Subject: Re: ethertap/dummy (for mol) in 2.4.x -- working! I think..
From: R Shapiro (rshapiro@bbn.com)
Date: Thu Feb 22 2001 - 12:30:27 MST


phl@leledy.org writes:
> > iptables -t nat -A POSTROUTING -o eth0 -s 192.168.1.0/24 -j MASQUERADE
> >
>
> I'd try
>
> iptables -t nat -A POSTROUTING -s 192.168.1.0/24 -j MASQUERADE
> as eth0 is not used but dummy0.

This was not the problem. In fact eth0 *is* where the masquerading
happens, so the original masquerading rule was ok. The problem on my
system turned out to be in forwarding, not masquerading.

The FORWARD policy on my host is set to DROP. I'd already tried
adding an explicit rule to enable this particular forwarding:

 iptables -A FORWARD -s 192.168.1.0/24 -i tap0 -o eth0 -j ACCEPT

But that didn't seem to help, so I gave up.

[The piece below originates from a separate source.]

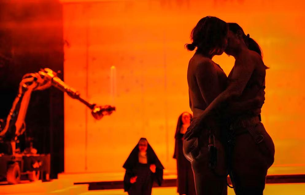 Η παράσταση είναι αυστηρά άνω των 18 ετών λόγω των σκηνών που περιλαμβάνει. «Ο Μπαχ συναντά το μέταλ, οι Weather Girls τον Ραχμάνινοφ – και οι γυμνές καλόγριες τα πατίνια», συνοψίζει την παράσταση η ιστοσελίδα της Κρατικής Όπερας της Στουτγάρδης.

What finally occured to me just this morning is that I need to
explicitly enable forwarding in *both* directions. Otherwise the
masqueraded packets go out and the responses get back to eth0; but
since they're not successfully forwarded to tap0, MacOS never sees
them. So I added:

 iptables -A FORWARD -d 192.168.1.0/24 -i eth0 -o tap0 -j ACCEPT

And it works! Compare to ipchains, in which a single rule handles
masquerading and both directions of forwarding.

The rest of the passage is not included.